Populist rhetoric on Senate reform is nothing new, but this Maclean’s interview with Tim Uppal, the newly appointed minister of state for democratic reform – and the man Harper has put in charge of pushing through his Senate “reform” bill – really did bother me. If anything, it underscores just what kind of a dangerous path we are now on when it comes to the continued survival of parliamentary democracy.
As has been said numerous times, there are many problems with this current bill, which Harper has put forward in his quest to reform the upper chamber. It doesn’t specify exactly what is being addressed with a nine-year term limit, nor does it address the problems that a term limit any less than twelve years poses when it comes to a single prime minister being able to turn over virtually the entire membership of the Senate chamber. It doesn’t give any guidelines for how provinces are supposed to run their “consultative elections,” which could lead to a patchwork of processes with little to no actual accountability. (If they think Alberta’s system is a model to emulate, then they need to give their heads a shake.) It puts the onus on the provinces to pay for said “consultative elections,” presupposes that provincial parties would be running senatorial candidates (which doesn’t make any workable sense given the way the Senate operates as a regional chamber and not a “house of the provinces,” which so many people seem to think it is) and does not obligate a prime minister to actually appoint those who won these “consultative elections.” And of course, it’s entirely unconstitutional and attempts to use tricky language to try to get around that particular hurdle as though the Courts are too stupid to realize that’s what Harper is trying to do.
But most of all, it lays out zero vision for what a reformed Senate is supposed to look like, what powers it is supposed to possess, what kind of deadlock-breaking mechanism it is supposed to employ (because with an empowered Senate, you can guarantee there will be deadlocks) and how this new Senate fits in with what a parliamentary democracy looks like in Canada. This is not a topic for academics to ponder while the grand inquest of the nation happens. These are fundamental questions that require answers.
However, as Maclean’s soon figured out, you can’t ask Tim Uppal about any of this, because he’ll just repeat his mantra that “the status quo is not acceptable.” Or he’ll defend the piecemeal approach (which will lead to chaos, have no doubt) by saying, “We are taking Senate reform steps that are reasonable and that are within the constitutional authority of Parliament,” (even though they’re not).

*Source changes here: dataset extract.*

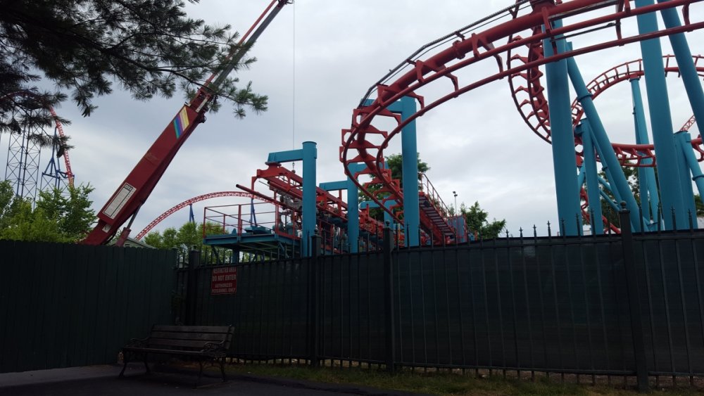 Thanks for the replies! Day 2: Instead of writing a long-winded TR detailing every movement I made today, I am just going to do a ride count and random notes and observations from the day... Wicked Cyclone: 5x Superman: 2x Joker: 1x NESS: 1x Thunderbolt: 1x Batman: 1x Pandemonium: 1x Goliath: 1x Blizzard River: 1x Typhoon: 2x Tornado: 1x Bonzai: 1x -Mind Eraser was closed both days on this trip. In one of the photos below I snapped a crane next to one of the trains on the transfer track with a couple of employees working on it. -Superman was up and down throughout the day. One of the times it was down a crew was mounting a camera on the front of the train for what I assume is for on-ride footage. I got a back of the train ride while the camera was mounted. We were told we were being filmed for a TV spot, which I believe will be for a commercial as all of the crew were SF employees. The ride broke down around 6pm and never reopened during the rest of my stay (left around 7). -Lines were mostly moderate. We did opt for a standard flash pass for the 2nd half of the day, which definitely helped with some of the lower capacity credits (Thunderbolt and Pandemonium specifically) and WC rerides. -Once again we got purple side of Joker and did not fully flip. And once again it was a great ride with a 3/4 flip, which is the best sensation I have gotten on either model I have experienced. -WC and Superman were hauling ass just like last night. -GAdv's HH could really use a water coaster like Typhoon. That ride is an absolute blast and I can safely say I prefer it to many regular coasters out there. SFNE's HH in general is a very solid waterpark. -JB's was fantastic! I really enjoy the sports bar feel of the inside and the food was really solid. GAdv would really benefit with a similar restaurant. -We left 2 hours early to see Spiderman at Rave Cinemas in West Springfield, which was a last second decision. I am so happy we made that call as the movie was awesome. Lots of humor and a very entertaining movie overall. Definitely a perfect cap to a great mini-vacation! Pics below. Thanks for reading! -
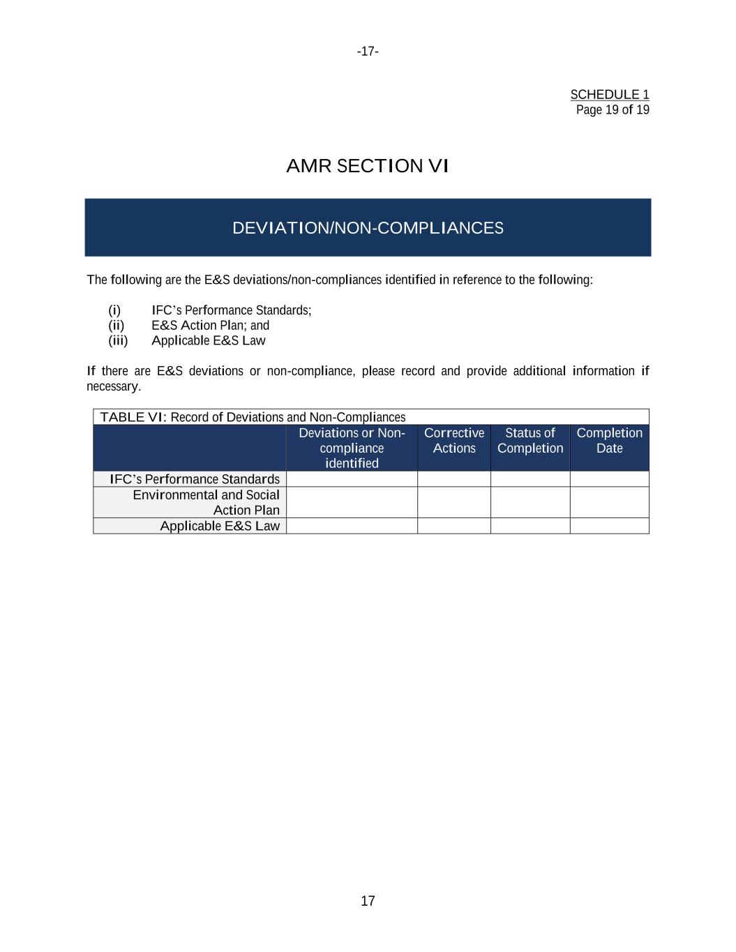-17- 17 SCHEDULE 1 Page 19 of 19 AMR SECTION VI DEVIATION/NON-COMPLIANCES The following are the E&S deviations/non-compliances identified in reference to the following: (i) IFC’s Performance Standards; (ii) E&S Action Plan; and (iii) Applicable E&S Law If there are E&S deviations or non-compliance, please record and provide additional information if necessary. TABLE VI: Record of Deviations and Non-Compliances Deviations or Non- compliance identified Corrective Actions Status of Completion Completion Date IFC’s Performance Standards Environmental and Social Action Plan Applicable E&S Law

It’s Uppal’s appeal to populism that is the most galling. “These are good steps in the right direction,” he says. “We’re hearing that from Canadians across the country.” But the average citizen doesn’t know what the Senate does, not that it seems to weigh into the consideration. It’s a bit like polling people about intricate technicalities with rocket science or neurosurgery and proclaiming that if that’s what the people want, we should go with, no matter that it will likely make said rocket ship explode or cause the patient permanent brain damage. And that’s exactly what’s at stake with our democratic system. This Conservative play, which Uppal is now the mouthpiece for, says that it’s just enough for people to demand “democratic legitimacy” from the Senate. It’s not good enough when you consider the Senate in the totality of our parliamentary system, just as much as we don’t demand an elected Supreme Court. Appealing to the “populist wisdom” brings us back to the point about giving the people what they want as opposed to what they need. And that is a problem for democracy in the long term.